Durante los últimos años de Livingstone en África, circulaban rumores de su muerte. La gente en todo el mundo todavía lo respetaba y tenía curiosidad de este anciano excéntrico que vivía en las selvas de África. Fue esta curiosidad la que hizo que el editor del Herald de Nueva York enviara a su polifacético y ambicioso reportero, Henry Stanley, a encontrar a Livingstone vivo o muerto. Después de varios meses de búsqueda, Stanley encontró a Livingstone en Ujiji, cerca del lago Tanganica, a fines de 1871. Después de desmontar de su caballo, Stanley lo saludó inclinándose y diciendo la ridícula frase que sería posteriormente motivo de chistes: “El doctor Livingstone, me supongo.”

Livingstone recibió con beneplácito la llegada de Stanley. Este traía alimentos, medicinas y otras provisiones que Livingstone necesitaba. Tal vez lo más importante fue que le hizo compañía y le llevó noticias del mundo exterior. Estos dos hombres se hicieron muy buenos amigos. En un tributo conmovedor, Stanley describe así los meses que pasaron juntos:

Durante cuatro meses v cuatro días vivimos en la misma casa, bote o toldo, y nunca encontré falta en él. Fui al África con tantos prejuicios religiosos como el peor infiel de Londres. Para un periodista como yo, que sólo tenía que ver con guerras y asuntos políticos, los asuntos sentimentales no tenían importancia. Pero entonces tuve mucho tiempo para la meditación. Me encontraba aislado de lo mundano. Yo veía a ese hombre solitario allí, y me preguntaba: “¿Por qué se detiene aquí él? ¿Qué es lo que lo inspira?” Durante meses después de conocernos me hallaba escuchándolo y maravillándome ante este anciano que había obedecido el mandato de Cristo: “Déjalo todo y sígueme.” Poco a poco me fue convirtiendo, sin intentarlo, al ver yo su piedad, su celo, su ansia, su gentileza y la manera tranquila como llevaba a cabo su obra.

Livingstone vivió poco más de un año después de la partida de Stanley. En la mañana del primero de mayo de 1873 sus siervos Africanos lo encontraron muerto, de rodillas junto a su catre. Ellos amaban al anciano y su mayor tributo fue entregar su cuerpo y sus documentos personales a los que fueran sus socios en la costa. Después de enterrar su corazón debajo de un árbol en Mpundu, el cuerpo fue disecado al sol hasta momificarlo. Luego lo transportaron por tierra por más de 2.300 Km hasta la costa.

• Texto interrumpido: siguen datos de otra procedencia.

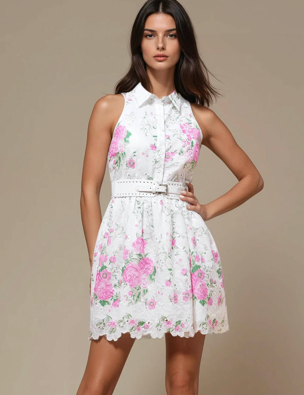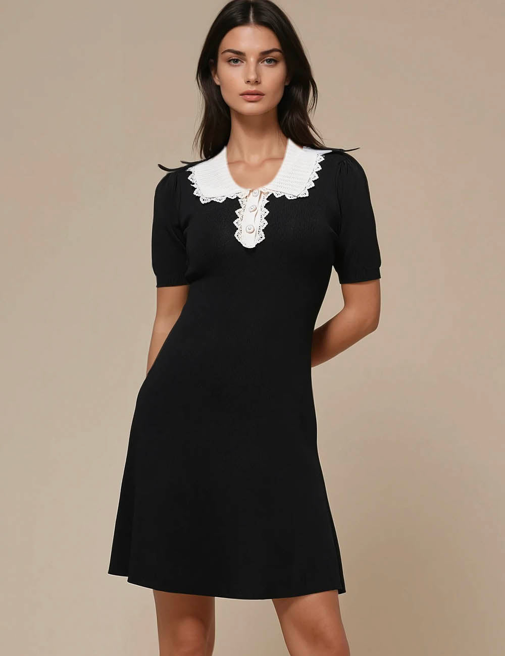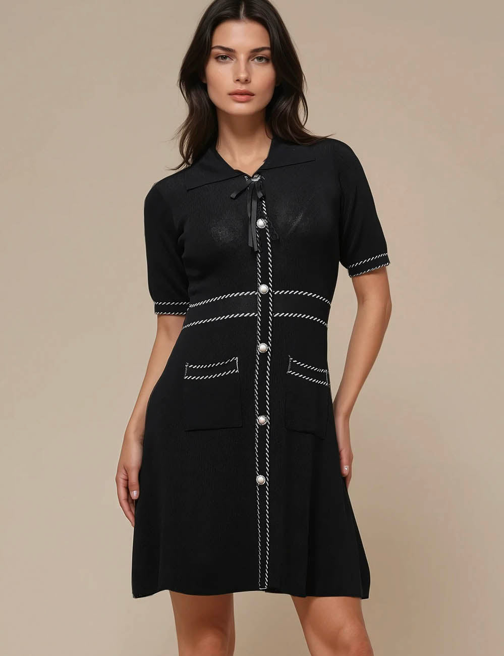 Ladies Turn Down Collar Short Sleeves Button Mini Dress SKD4039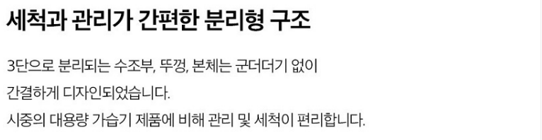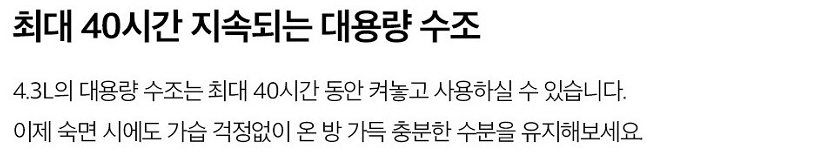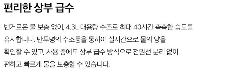 ● 품목 : 초음파가습기 ● 사용면적 : 39㎡ ● 물통용량 : 4.3L ● 급수방식 : 상부급수형 ● 세척 : 분리세척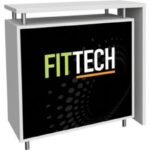 Laminate cabinet and accent L-shape panel are available in four color options: dove grey, black, designer white and fusion maple- Rental counters available in designer white laminate option only- Dye-sublimated push fit graphic, either opaque or backlit- Rear locking storage door- Durable aluminum extrusion feet and L-shape accent offsets- Counter can hold a max weight of 50 lbs- Easy step-by-step instructions- Kit includes laminated cabinet, locking storage door, one push-fit graphic with backlighting, L-shape laminate accent and one woodcrate case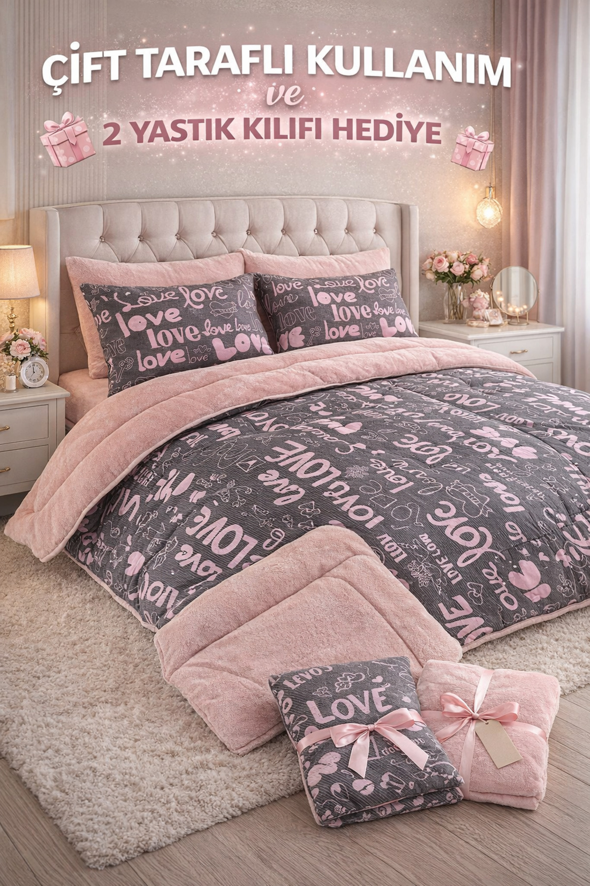 Double Welsoft Duvet Cover | 2 Pillowcases Gifted, Double-Sided - Love Powder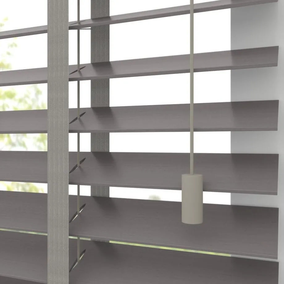 Houten jaloezie grijs met natuurlijke houtnerven en luxe uitstraling. 100% hout. De brede lamellen van 50 mm zorgen voor veel lichtinval en bieden veel privacy wanneer je deze sluit. Op maat te maken en volledig naar wens samen te stellen. Bepaal zelf de bedieningszijde en kies uit diverse accessoires en uitvoeringen. Keuze uit een bijpassend ladderkoord, 48 verschillende ladderbanden en een koordhanger van hout, rvs of zwart metaal.

En Inglaterra se le dio sepultura oficial a Livingstone en la abadía de Westminster en una ceremonia a la cual asistieron dignatarios de todo el país. Fue un día de luto para sus hijos, quienes fueron a despedir al padre que en realidad no habían conocido bien; pero fue una hora muy triste también para Roberto Moffat, ahora un anciano de setenta y ocho años, quien caminó lentamente frente al féretro del hombre que varias décadas antes, en la misma ciudad, había recibido la visión de “un millar de aldeas a las que no ha ido ningún misionero”.